Tuesday, October 28, 2008

Random musings

Here are some of the things I think about when I’m sitting on the toilet with nothing to read (other than the back of the shampoo bottle):


Rule of Life #27: If the bar restroom has a clean mirror and a fresh urinal cake, you’re paying too much for your drinks.


NEVER smoke pot or drop acid while watching one of those reality TV shows. You’ll inevitably become paranoid – and start searching your house for hidden cameras and microphones.


Y’know, slavery gets a lot of negative press lately… but if you stop and think about it, it’s actually a highly efficient way to get people to work for you without paying them any money.

Saint Valentine was a Catholic Priest who died as a martyr. A priest! Isn’t that interesting? Our annual Holiday of Love is named after someone who was celibate.


Can ANYONE explain to me why federal regulations require commercial airplane pilots to walk through the airport security metal detectors?

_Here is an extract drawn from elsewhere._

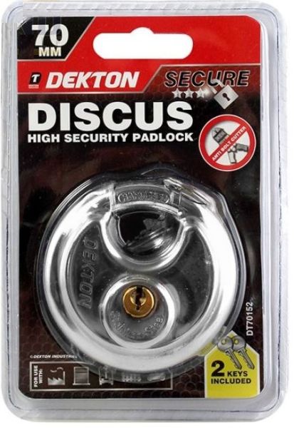 Dekton Heavy Duty Secure Discus High Security Padlock with 2 Keys - 70mm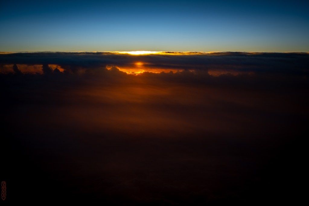 Beneath a sea of clouds where vaporous waves undulate in a thin primary swell, the slowly broaching sun washes the waves in a deep red pigment as they sweep across the shore and lift the sun toward the morning sky above.

An airplane pilot doesn’t need a bomb to destroy an airplane and kill hundreds of people… all he needs is the GROUND.


Few things in life are sexier than a woman with multiple body piercings – particularly when the pierced body parts include her tongue, nipples, and clitoris. Any woman who’s willing to painfully mutilate her body in the hopes of marginally enhancing sexual stimulation is my kind of babe.

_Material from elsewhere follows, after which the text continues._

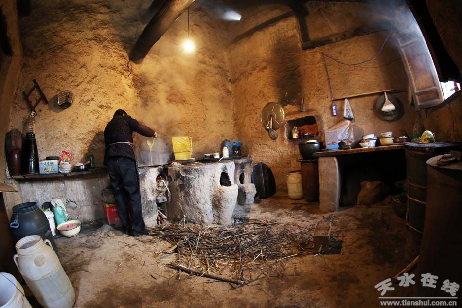 做馓饭的,是梅江村朱家大院的女主人,看得出,慈祥、淳朴。一头乌黑的短发遮住了耳朵,脸盘饱满圆润,肤色微黑,两腮上漂浮着淡淡的红,微胖的腰身穿着深色的布衫子,躬着身靠在黄泥土坯垒成的灶台边。灶台宽阔,台面子乌黑油亮,两口大锅套一口小锅,小锅里是炒酸菜,大锅里是馓饭。老人浅浅地笑,一手撒着玉米面,一手握着长竹筷搅动,馓饭锅里升腾着缕缕热气,热气飘散在半空中,像雾又不似雾。炉膛里的柴火旺旺地燃烧,地上绵软的柴草随意摆放。这场景,会碰撞到许多人内心微妙的疼痛和幸福,让眼圈发红,心里温热。

According to Greek mythology, Medusa was such a hideous woman that simply gazing into her eyes would transform a mere mortal into a pillar of stone. So… if I ever got real, real drunk & horny in Ancient Greece and somehow stumbled near her home, I think I would insist on doing it doggie style.


Whenever I see a giraffe, I always think about oral sex. I guess it’s the long neck.


There are always more wig shops in the poor parts of town.